● Input data

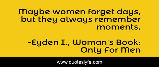 "Eyden I., Woman's Book: Only For Men Quotes." Quoteslyfe.com, 2025. Sat. 06 Dec. 2025. <https://www.quoteslyfe.com/quote/Maybe-women-forget-days-but-they-always-59138>.
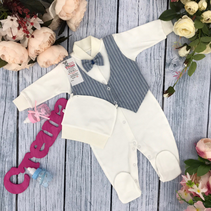 Теги: Купить комбинезоны оптом от производителя. 224-Г. Комбинезон, хлопок 100% интерлок, "Жилет новый" голубая полоса цена,отзывы официальный сайт "Стеша Златоуст"
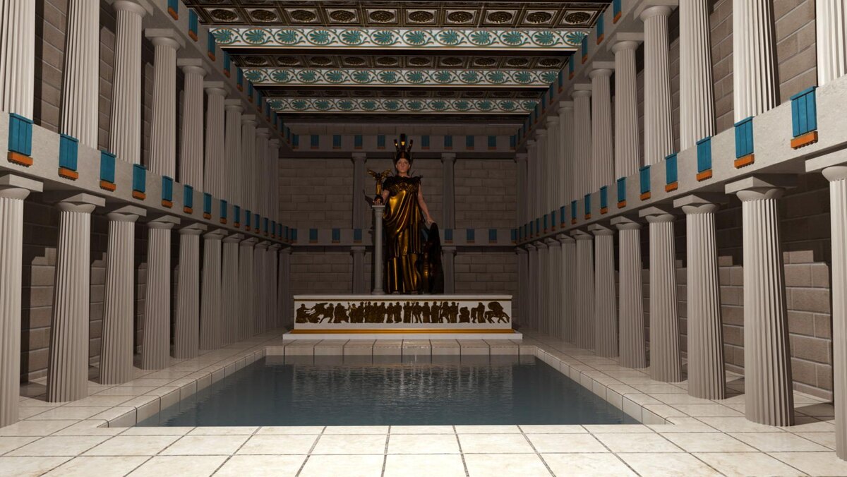 В середине V века до н. э., в эпоху расцвета Афины, на Акрополе был возведён Парфенон - не просто храм, а демонстрация могущества, богатства и амбиций полиса. Его центральным сокровищем стала гигантская статуя богини Афина Парфенос, созданная величайшим скульптором античности - Фидий. Статуя Афины Парфенос (447–438 гг. до н. э.) поражала не только размерами, но и технологией исполнения. Её высота достигала примерно 12–13 метров, и она была выполнена в так называемой хризоэлефантинной технике - сочетании золота и слоновой кости. Внутри находился деревянный каркас, на который крепились пластины из драгоценных материалов: лицо и руки богини из слоновой кости, одежда и доспехи - из чистого золота. Афина изображалась как воительница и покровительница города. В одной руке она держала статую богини победы Ники, в другой - щит. На её груди был эгид с головой Медузы, а рядом располагалась змея - символ защиты и древней силы. Каждая деталь имела значение, превращая скульптуру в сложный политичес
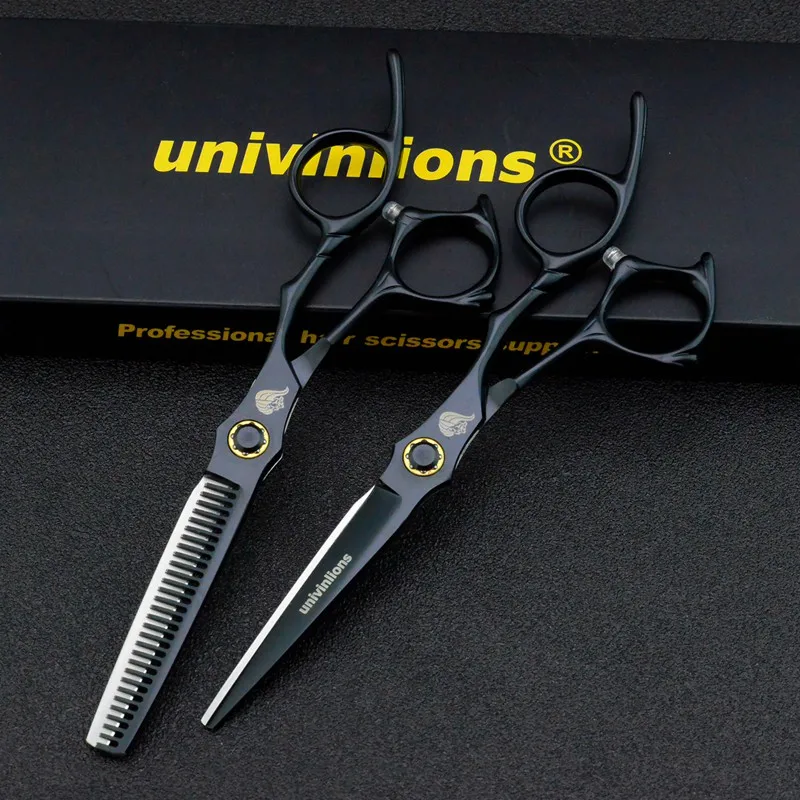 Univinlions 6-дюймовые подшипниковые винтовые ножницы для волос, черный цвет, парикмахерские ножницы для филировки, парикмахерский набор для парикмахера
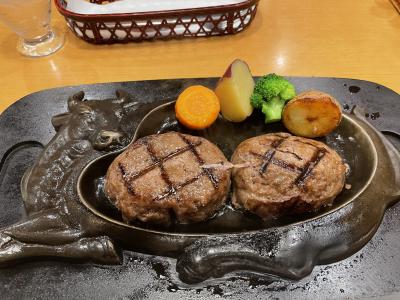 げんこつ(250g)・おにぎり(200g)ハンバーグは赤身主体でサッパリと美味しかった。
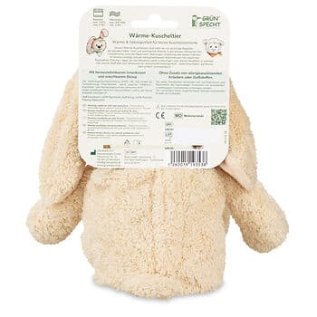 Die GRÜNSPECHT Wärme-Kuscheltiere laden durch ihr langes flauschiges Fell und ihre liebevoll gestaltete Art zum Kuscheln und Liebhaben ein. Als Spielkamerad oder Tröster bei kleinen Wehwehchen – die Wärme-Kuscheltiere sind vielseitig einsetzbar. Sie spenden wohltuende Wärme bei Bauchschmerzen/-krämpfen, Darmträgheit, Blähungen, Erkältung, kalten Füßchen oder einfach nur zum Kuscheln. Durch die vielseitigen Größen und Formen sind die Wärme-Kuscheltiere ein perfektes Geschenk für die ganze Familie, für Klein und Groß, Jung und Alt. Das Innenkissens ist aus 100 % Baumwolle. Durch das herausnehmbare Innenkissen lässt sich der Bezug einfach waschen. Wegen der möglichen allergenen Wirkung enthalten unsere Kuscheltiere keine allergieauslösenden Kräuter und Duftstoffe.Abmessung: 15 cm, Höhe: 35 cm ohne Ohren, Tiefe: 14 cm
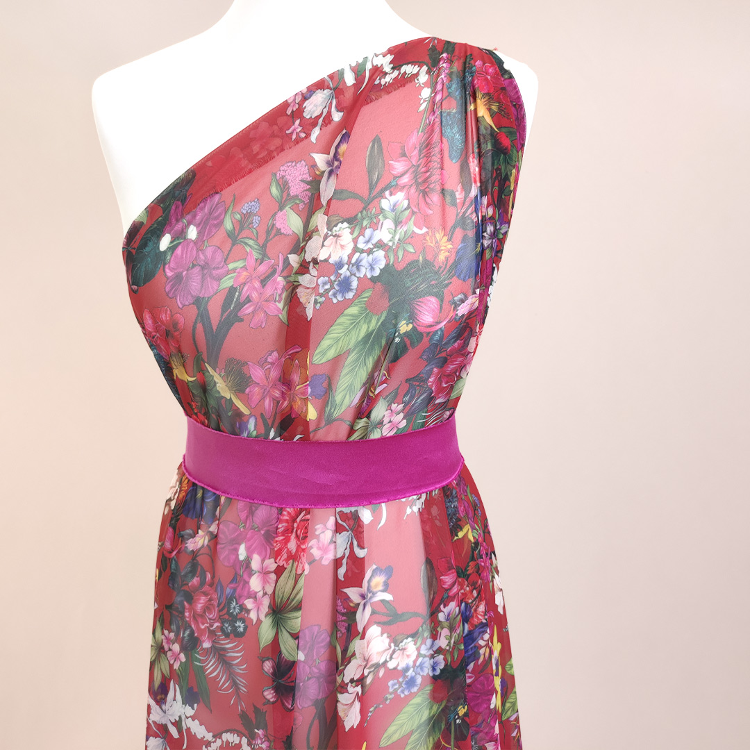 Tessuto Chiffon a fantasia motivo floreale rosso – blu – verde
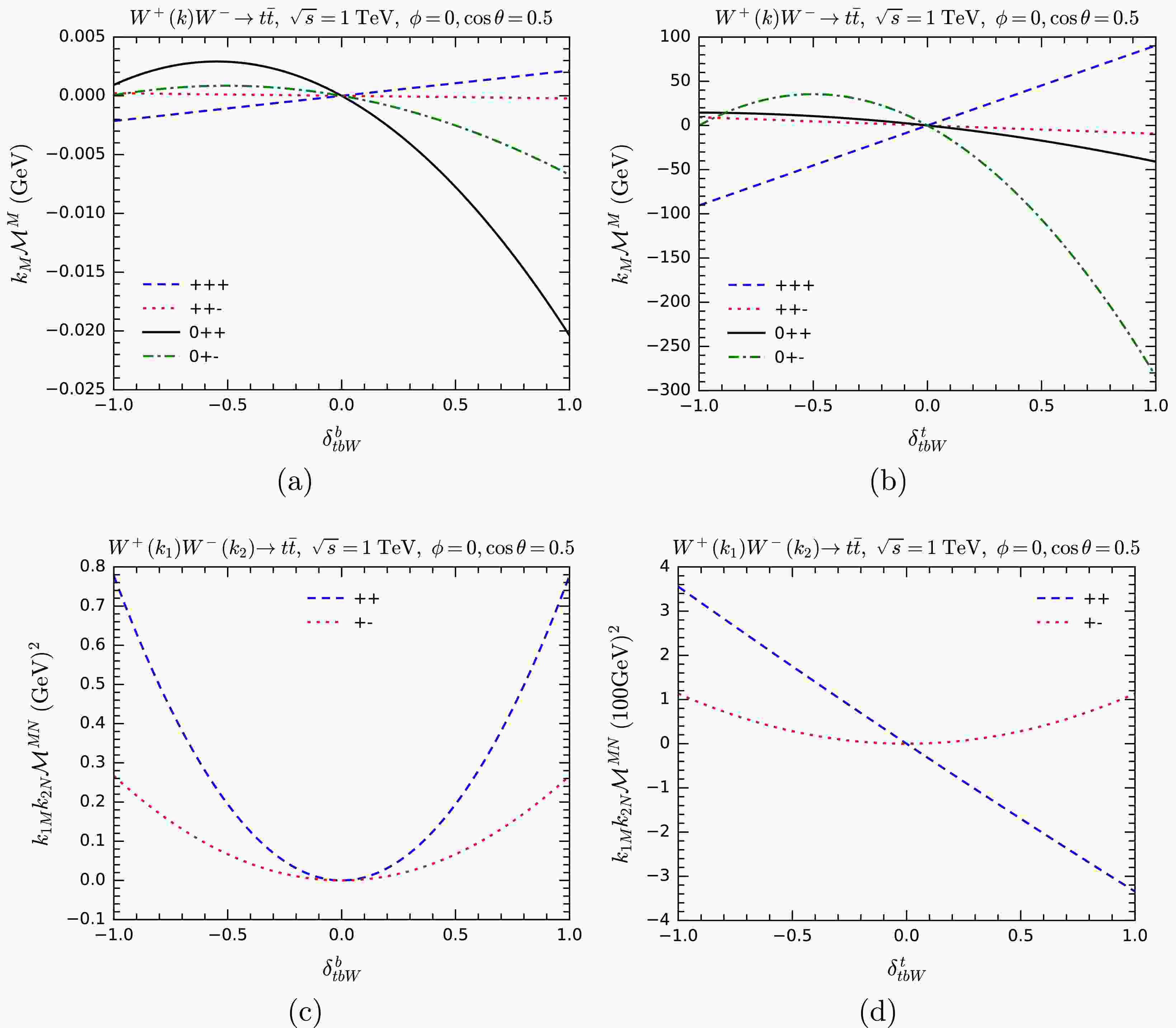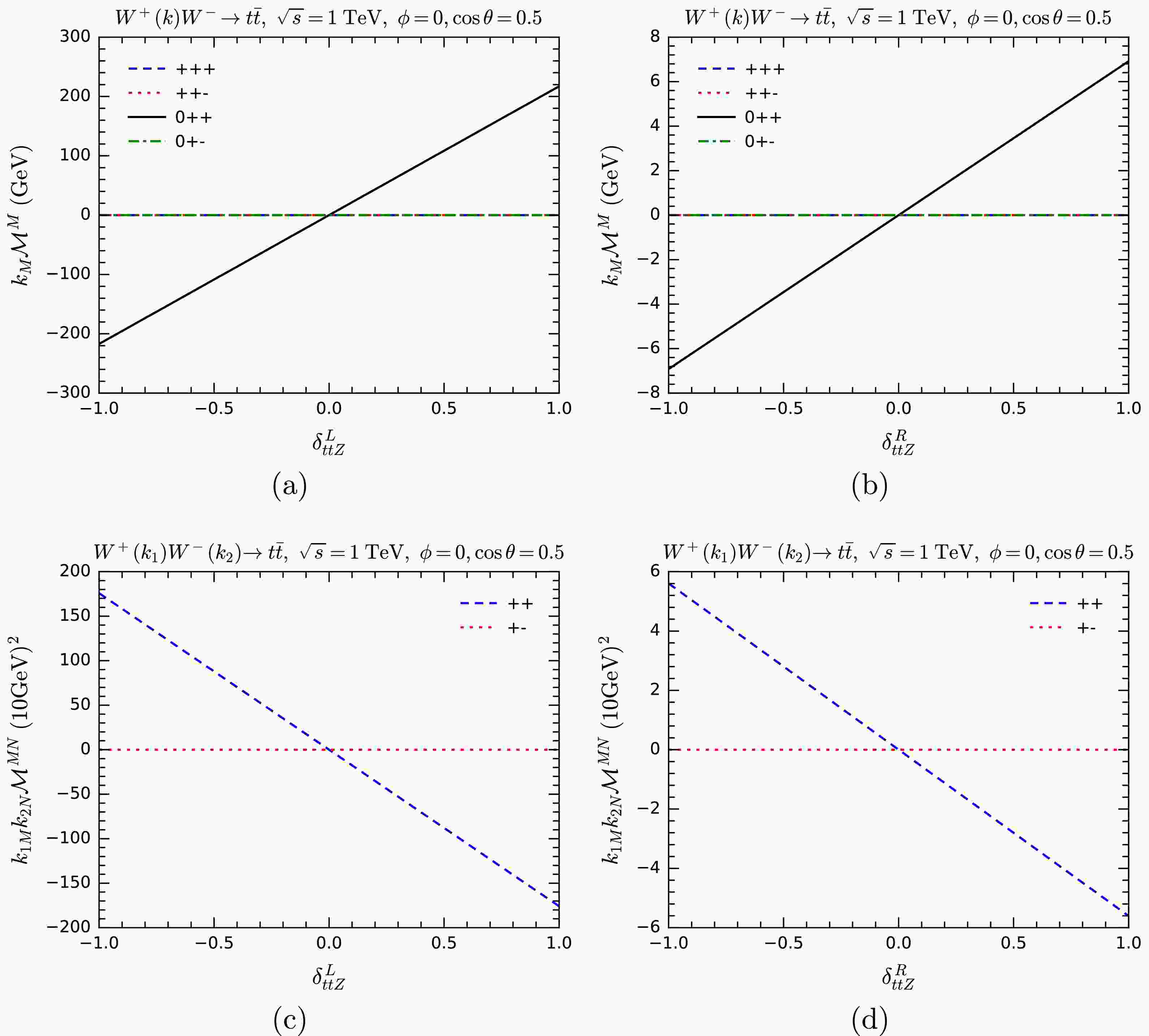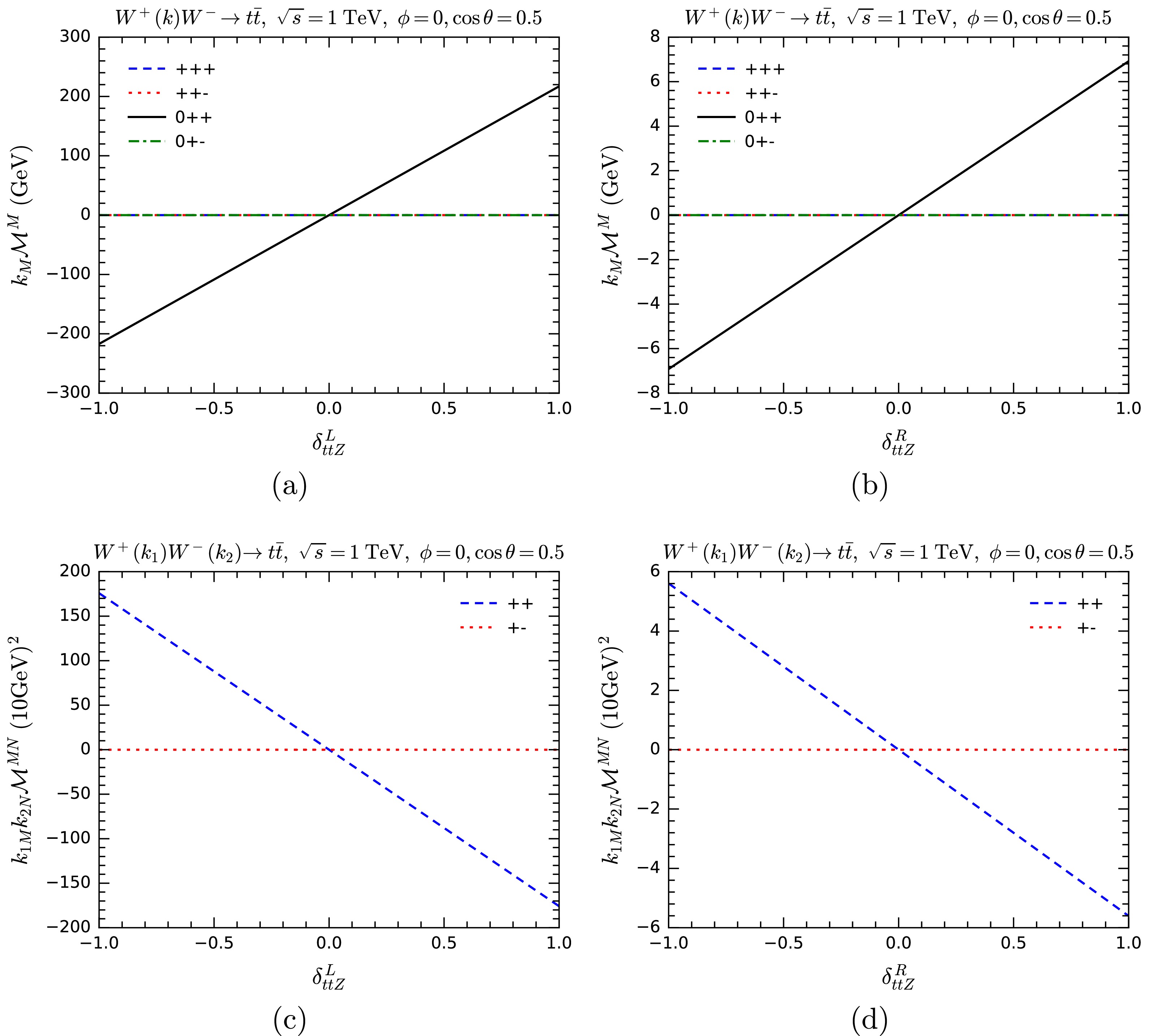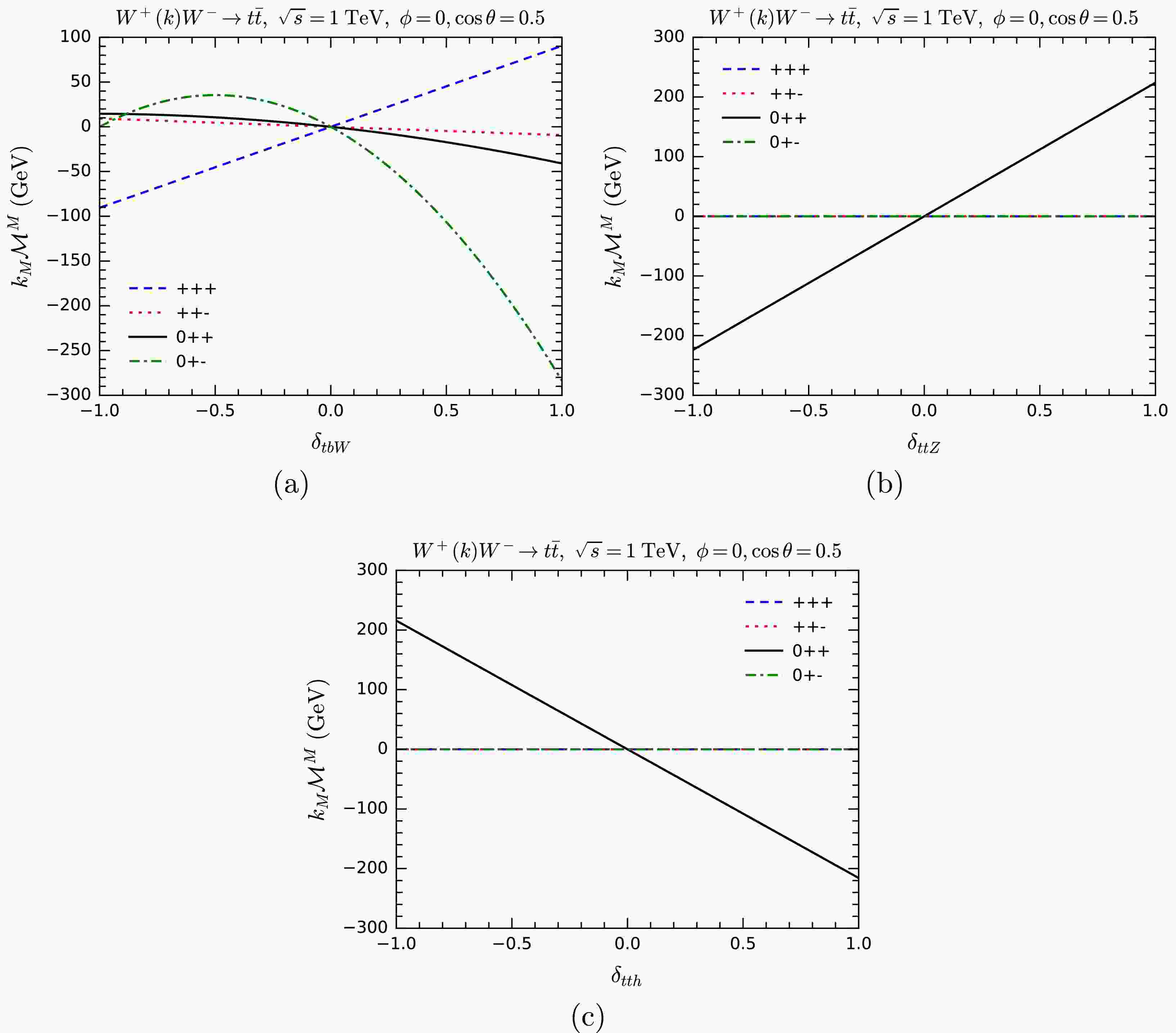 $ k_M{\cal{M}}^M $ for$ WW\rightarrow t\bar t $ as a function of anomalous overall couplings$ \delta_{tbW} $ (a),$ \delta_{ttZ} $ (b), and$ \delta_{tth} $ (c). Various helicity combinations are shown.The overall pattern is similar for all three processes. Angular conservation forbids some helicity combinations, giving
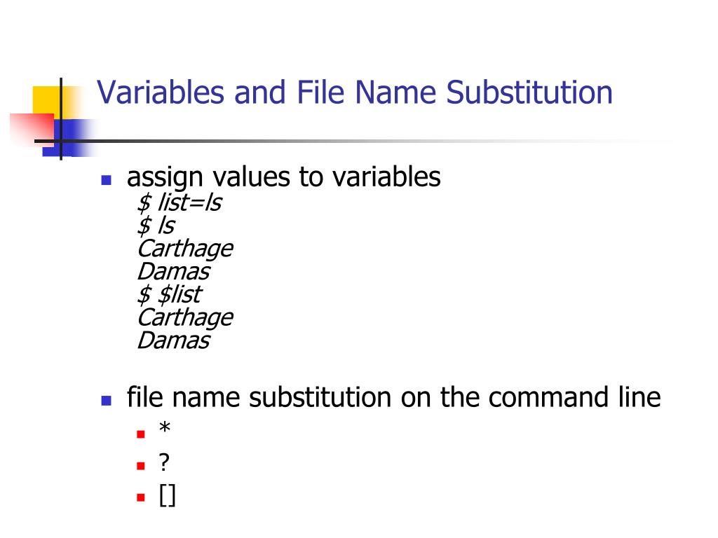 Variables and File Name Substitution • assign values to variables $ list=ls $ ls Carthage Damas $ $list Carthage Damas • file name substitution on the command line • * • ? • []

● What you will do
A verbatim copy of the records is expected, from their first line through the line with "Теги: Купить комбинезоны", inclusive, with the pictures removed.

● Output below
 "Eyden I., Woman's Book: Only For Men Quotes." Quoteslyfe.com, 2025. Sat. 06 Dec. 2025. <https://www.quoteslyfe.com/quote/Maybe-women-forget-days-but-they-always-59138>.
 Теги: Купить комбинезоны оптом от производителя. 224-Г. Комбинезон, хлопок 100% интерлок, "Жилет новый" голубая полоса цена,отзывы официальный сайт "Стеша Златоуст"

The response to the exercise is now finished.